> [WHAT IS REQUIRED]: Before printing, remove every picture; then print the lines below exactly, from the first line through the line containing "Pod jednym z".

Collected data:
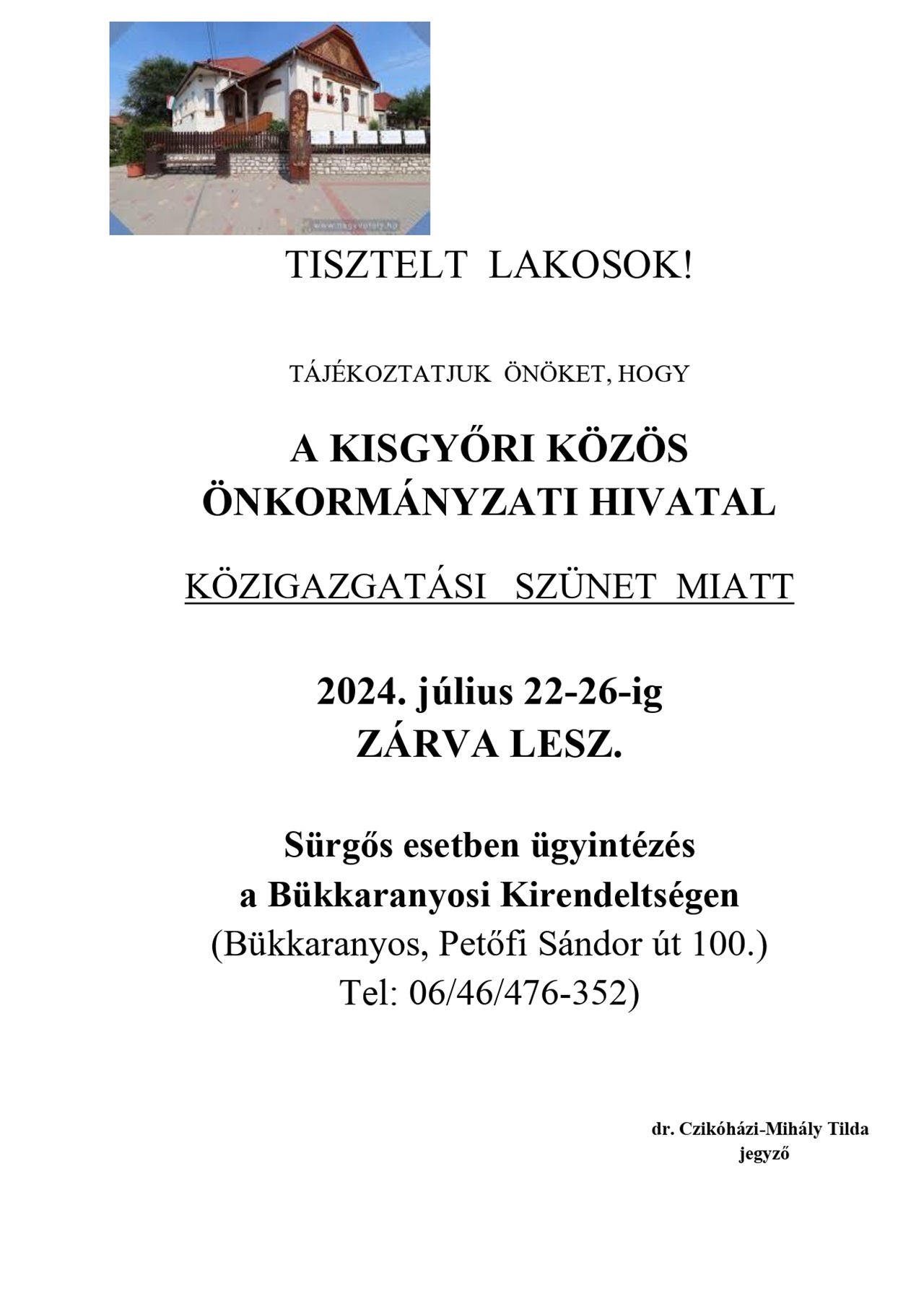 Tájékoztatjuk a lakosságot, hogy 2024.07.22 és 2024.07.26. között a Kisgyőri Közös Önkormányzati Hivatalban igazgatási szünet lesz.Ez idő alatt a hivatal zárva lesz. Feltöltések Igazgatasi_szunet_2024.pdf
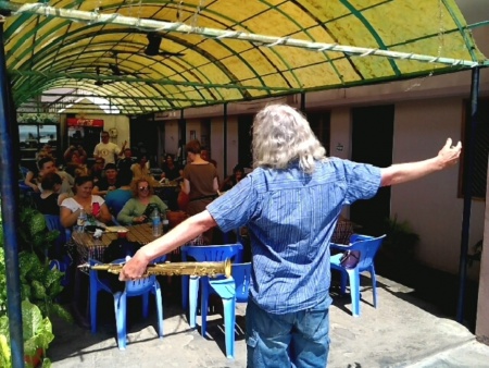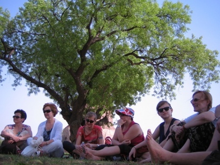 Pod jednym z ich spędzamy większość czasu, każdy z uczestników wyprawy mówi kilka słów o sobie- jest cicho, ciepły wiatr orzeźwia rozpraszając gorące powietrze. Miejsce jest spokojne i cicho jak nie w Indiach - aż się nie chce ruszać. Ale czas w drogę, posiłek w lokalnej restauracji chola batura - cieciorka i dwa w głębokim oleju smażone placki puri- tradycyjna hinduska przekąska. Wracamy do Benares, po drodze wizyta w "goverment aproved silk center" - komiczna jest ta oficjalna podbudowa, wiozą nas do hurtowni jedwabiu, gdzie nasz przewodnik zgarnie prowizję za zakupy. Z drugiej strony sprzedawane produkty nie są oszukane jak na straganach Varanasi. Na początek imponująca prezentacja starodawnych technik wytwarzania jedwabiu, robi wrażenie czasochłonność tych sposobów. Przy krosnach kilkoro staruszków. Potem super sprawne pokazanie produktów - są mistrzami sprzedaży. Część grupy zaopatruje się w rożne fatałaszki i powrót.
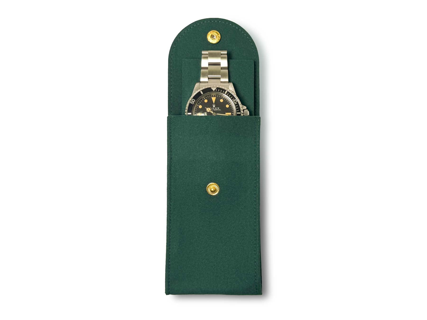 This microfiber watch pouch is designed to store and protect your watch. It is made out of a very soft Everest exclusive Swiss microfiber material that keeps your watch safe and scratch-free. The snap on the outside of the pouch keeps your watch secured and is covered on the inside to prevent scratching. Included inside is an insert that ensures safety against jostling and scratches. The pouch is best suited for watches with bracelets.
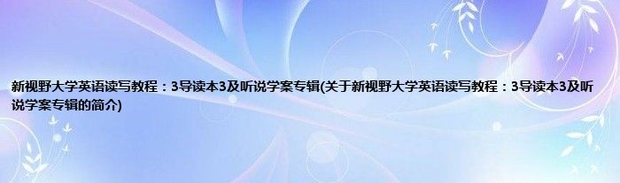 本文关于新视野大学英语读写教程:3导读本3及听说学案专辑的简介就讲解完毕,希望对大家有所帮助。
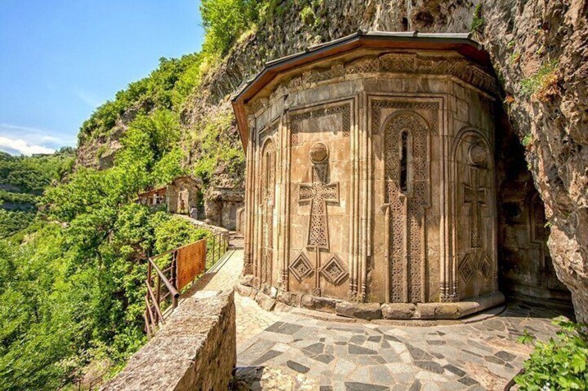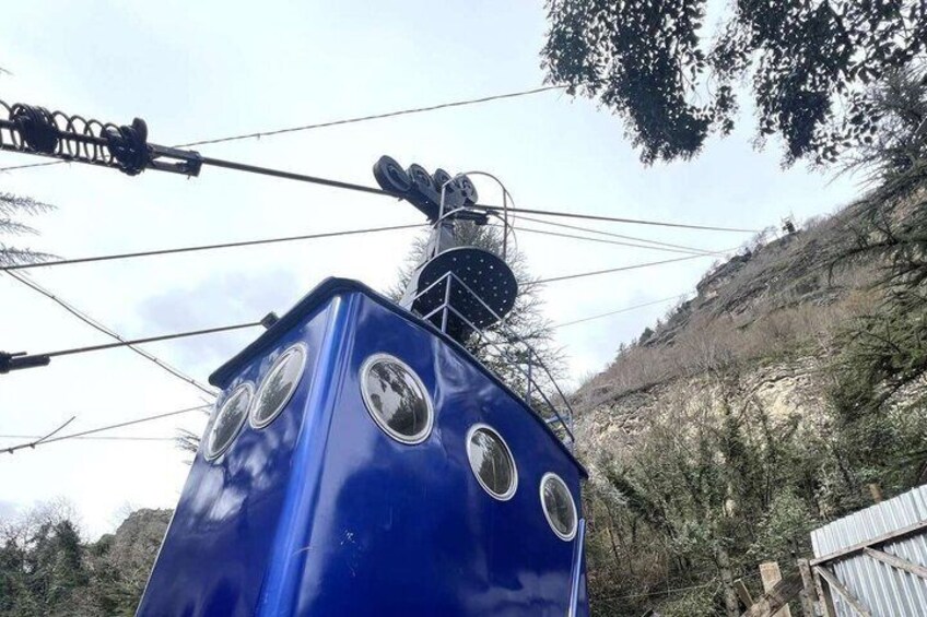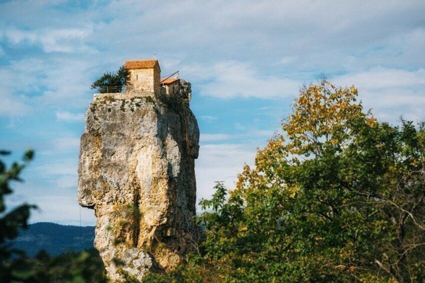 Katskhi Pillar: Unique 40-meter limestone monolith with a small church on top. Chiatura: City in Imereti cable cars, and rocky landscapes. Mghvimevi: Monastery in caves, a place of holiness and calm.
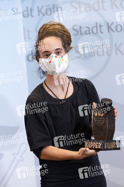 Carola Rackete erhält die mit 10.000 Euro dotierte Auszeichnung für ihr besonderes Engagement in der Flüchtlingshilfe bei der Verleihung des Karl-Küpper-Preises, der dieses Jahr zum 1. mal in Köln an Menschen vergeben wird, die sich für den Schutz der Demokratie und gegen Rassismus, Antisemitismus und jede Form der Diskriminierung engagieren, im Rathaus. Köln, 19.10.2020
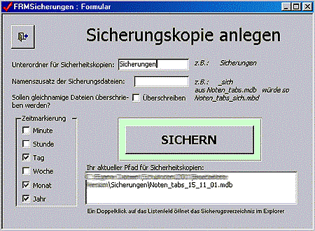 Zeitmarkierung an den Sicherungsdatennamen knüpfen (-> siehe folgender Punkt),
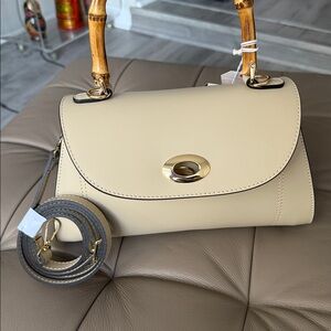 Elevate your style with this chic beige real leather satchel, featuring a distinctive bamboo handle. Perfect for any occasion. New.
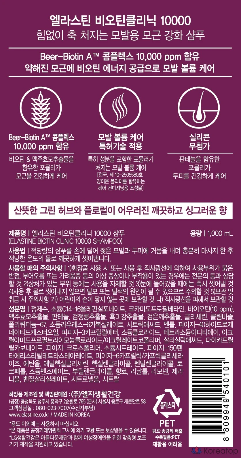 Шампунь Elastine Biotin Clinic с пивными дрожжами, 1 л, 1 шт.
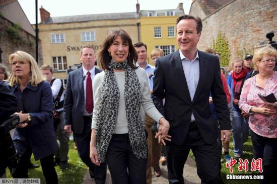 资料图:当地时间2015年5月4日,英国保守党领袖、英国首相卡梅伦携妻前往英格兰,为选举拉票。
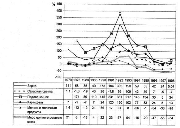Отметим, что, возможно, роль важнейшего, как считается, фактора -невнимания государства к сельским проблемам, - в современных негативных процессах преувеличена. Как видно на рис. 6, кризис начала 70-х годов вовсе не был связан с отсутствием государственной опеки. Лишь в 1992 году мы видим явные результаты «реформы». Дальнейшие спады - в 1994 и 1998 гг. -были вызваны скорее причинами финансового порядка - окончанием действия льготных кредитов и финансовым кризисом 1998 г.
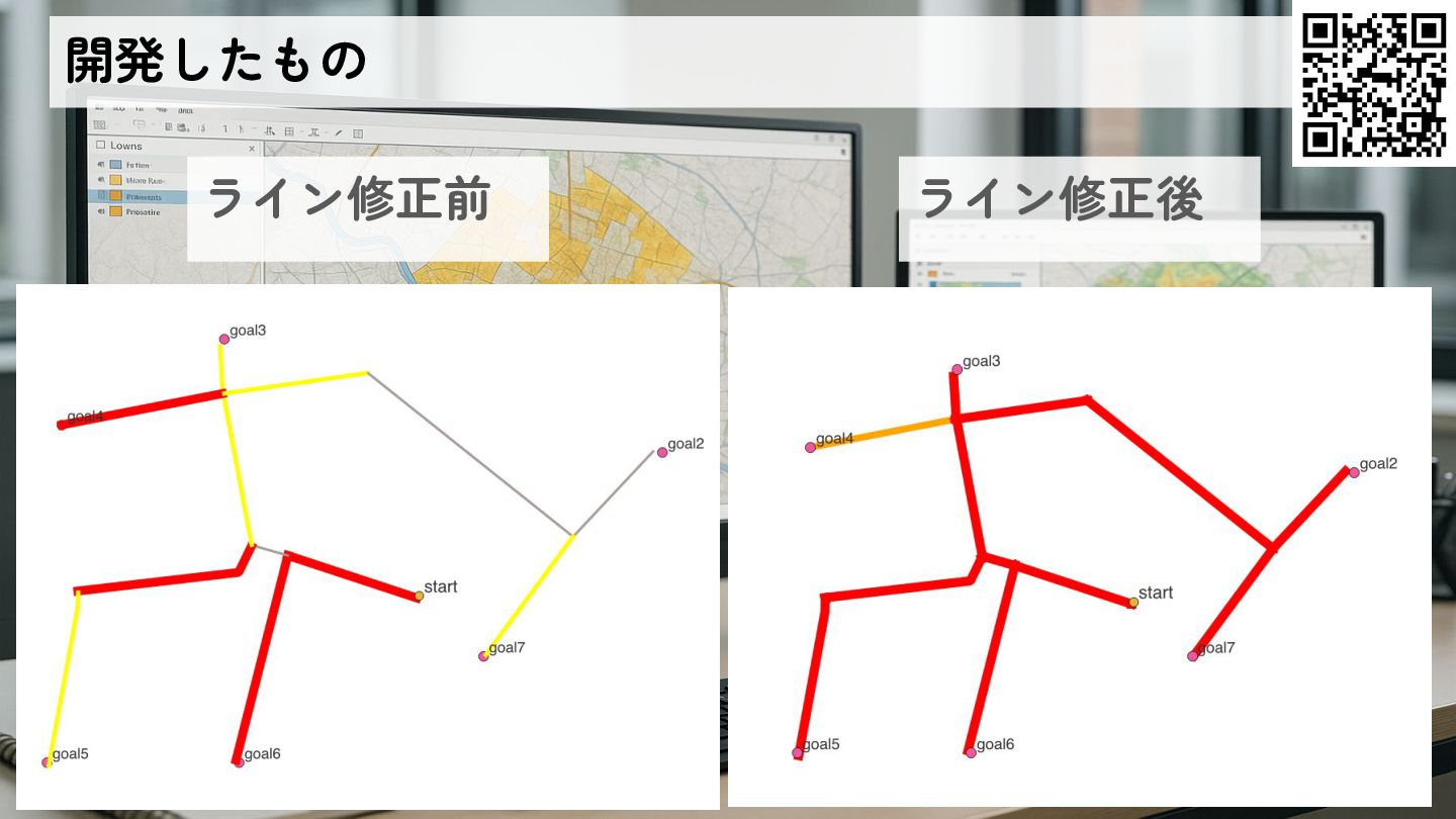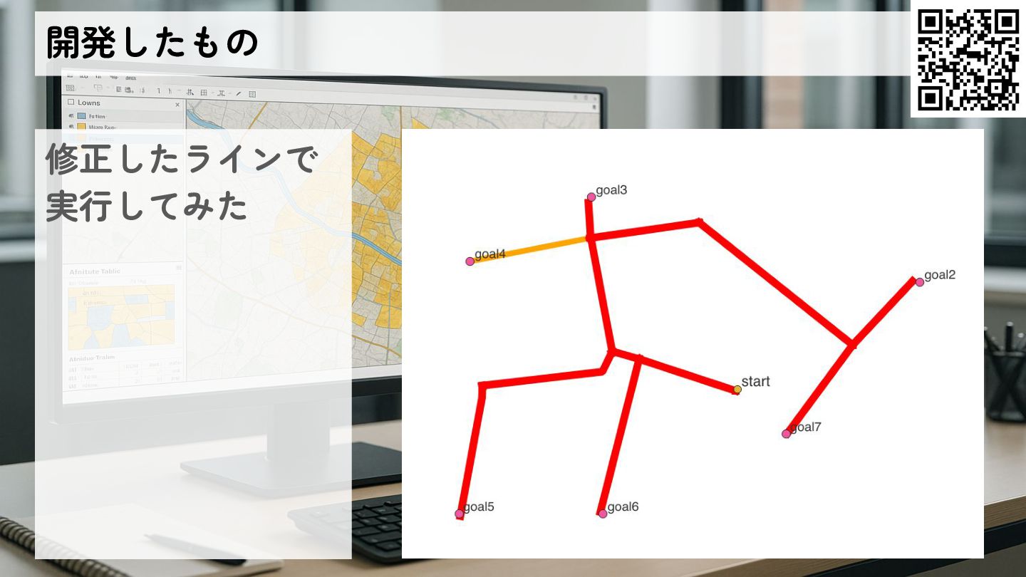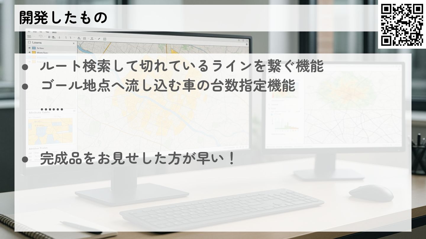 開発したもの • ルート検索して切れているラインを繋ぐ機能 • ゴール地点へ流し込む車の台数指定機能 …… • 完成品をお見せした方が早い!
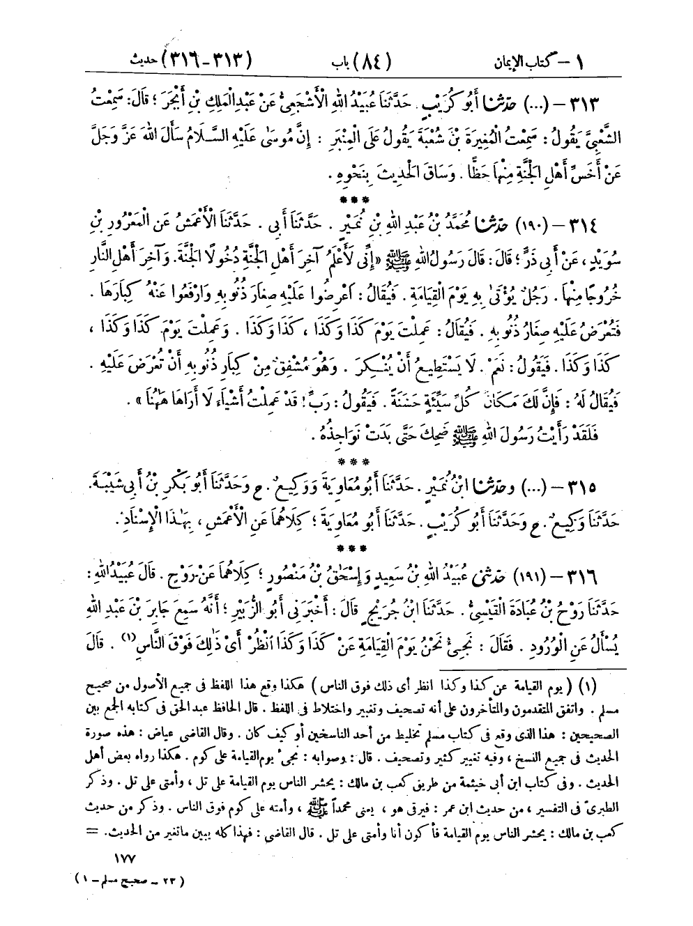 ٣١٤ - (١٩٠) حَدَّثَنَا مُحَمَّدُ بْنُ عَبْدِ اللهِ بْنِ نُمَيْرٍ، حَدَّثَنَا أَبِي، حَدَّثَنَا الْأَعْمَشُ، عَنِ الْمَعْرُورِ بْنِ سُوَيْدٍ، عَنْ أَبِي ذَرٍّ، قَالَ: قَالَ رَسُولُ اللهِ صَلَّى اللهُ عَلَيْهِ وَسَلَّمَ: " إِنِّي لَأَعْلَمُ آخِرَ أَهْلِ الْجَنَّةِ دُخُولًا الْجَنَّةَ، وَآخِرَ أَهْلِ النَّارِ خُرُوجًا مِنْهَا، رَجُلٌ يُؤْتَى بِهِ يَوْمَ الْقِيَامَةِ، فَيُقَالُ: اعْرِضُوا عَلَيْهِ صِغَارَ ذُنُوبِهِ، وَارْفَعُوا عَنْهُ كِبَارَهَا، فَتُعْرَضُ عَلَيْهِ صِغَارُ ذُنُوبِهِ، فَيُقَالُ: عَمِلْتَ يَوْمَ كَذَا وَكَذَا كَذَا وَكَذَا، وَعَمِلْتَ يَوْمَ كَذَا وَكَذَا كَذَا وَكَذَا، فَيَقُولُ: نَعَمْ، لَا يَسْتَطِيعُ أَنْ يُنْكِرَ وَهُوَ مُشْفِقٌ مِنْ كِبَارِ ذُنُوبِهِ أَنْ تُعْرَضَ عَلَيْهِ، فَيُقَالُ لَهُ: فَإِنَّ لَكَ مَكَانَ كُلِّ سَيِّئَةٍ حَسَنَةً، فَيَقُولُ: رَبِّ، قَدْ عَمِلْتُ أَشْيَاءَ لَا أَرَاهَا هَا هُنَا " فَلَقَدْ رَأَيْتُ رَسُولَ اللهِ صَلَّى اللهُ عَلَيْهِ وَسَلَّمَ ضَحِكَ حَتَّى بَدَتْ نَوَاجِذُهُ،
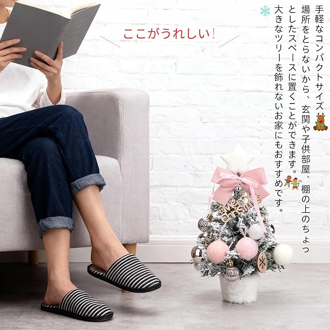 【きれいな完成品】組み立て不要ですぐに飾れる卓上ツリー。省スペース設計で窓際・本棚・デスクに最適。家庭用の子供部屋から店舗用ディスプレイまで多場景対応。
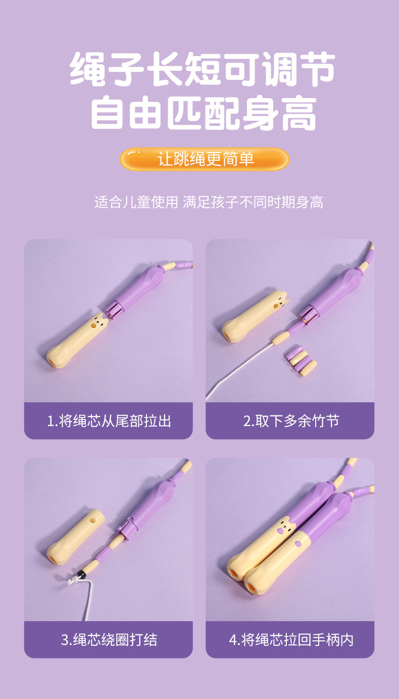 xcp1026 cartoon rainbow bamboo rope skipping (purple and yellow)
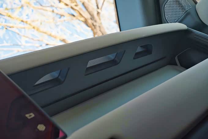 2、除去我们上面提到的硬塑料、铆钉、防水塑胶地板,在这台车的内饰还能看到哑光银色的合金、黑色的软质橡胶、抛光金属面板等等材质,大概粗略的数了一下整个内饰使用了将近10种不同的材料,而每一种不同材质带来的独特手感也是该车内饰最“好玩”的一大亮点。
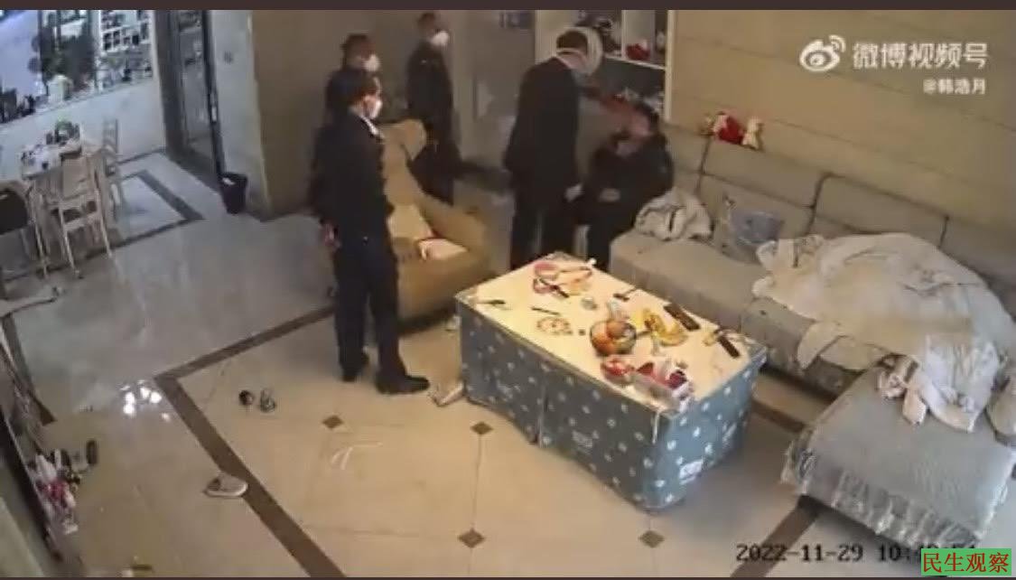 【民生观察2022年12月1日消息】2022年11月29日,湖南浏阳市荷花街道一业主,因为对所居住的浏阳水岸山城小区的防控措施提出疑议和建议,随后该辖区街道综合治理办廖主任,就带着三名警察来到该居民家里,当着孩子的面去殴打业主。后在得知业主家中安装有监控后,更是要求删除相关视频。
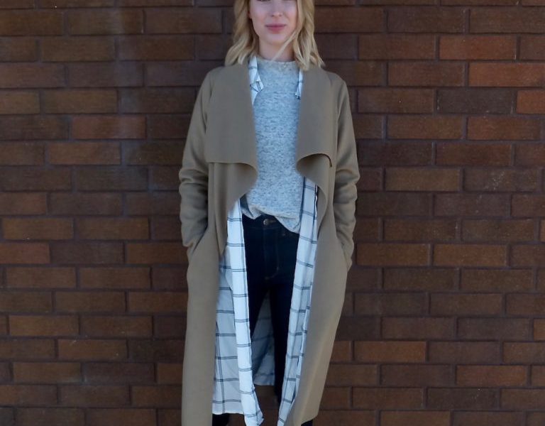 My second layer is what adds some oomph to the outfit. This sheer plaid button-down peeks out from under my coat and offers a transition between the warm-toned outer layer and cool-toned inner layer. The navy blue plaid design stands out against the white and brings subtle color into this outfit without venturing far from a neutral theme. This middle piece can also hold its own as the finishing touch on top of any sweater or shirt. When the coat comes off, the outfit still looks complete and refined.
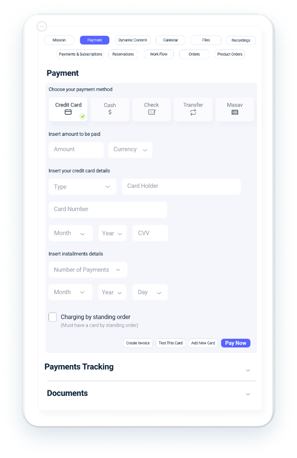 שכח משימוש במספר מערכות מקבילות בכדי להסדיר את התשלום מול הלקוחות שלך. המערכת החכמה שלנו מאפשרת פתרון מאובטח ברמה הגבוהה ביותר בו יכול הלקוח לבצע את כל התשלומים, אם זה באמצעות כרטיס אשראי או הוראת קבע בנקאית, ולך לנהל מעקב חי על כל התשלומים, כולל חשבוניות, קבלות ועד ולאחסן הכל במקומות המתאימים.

> [ANSWER SPACE]:
 Tájékoztatjuk a lakosságot, hogy 2024.07.22 és 2024.07.26. között a Kisgyőri Közös Önkormányzati Hivatalban igazgatási szünet lesz.Ez idő alatt a hivatal zárva lesz. Feltöltések Igazgatasi_szunet_2024.pdf
 Pod jednym z ich spędzamy większość czasu, każdy z uczestników wyprawy mówi kilka słów o sobie- jest cicho, ciepły wiatr orzeźwia rozpraszając gorące powietrze. Miejsce jest spokojne i cicho jak nie w Indiach - aż się nie chce ruszać. Ale czas w drogę, posiłek w lokalnej restauracji chola batura - cieciorka i dwa w głębokim oleju smażone placki puri- tradycyjna hinduska przekąska. Wracamy do Benares, po drodze wizyta w "goverment aproved silk center" - komiczna jest ta oficjalna podbudowa, wiozą nas do hurtowni jedwabiu, gdzie nasz przewodnik zgarnie prowizję za zakupy. Z drugiej strony sprzedawane produkty nie są oszukane jak na straganach Varanasi. Na początek imponująca prezentacja starodawnych technik wytwarzania jedwabiu, robi wrażenie czasochłonność tych sposobów. Przy krosnach kilkoro staruszków. Potem super sprawne pokazanie produktów - są mistrzami sprzedaży. Część grupy zaopatruje się w rożne fatałaszki i powrót.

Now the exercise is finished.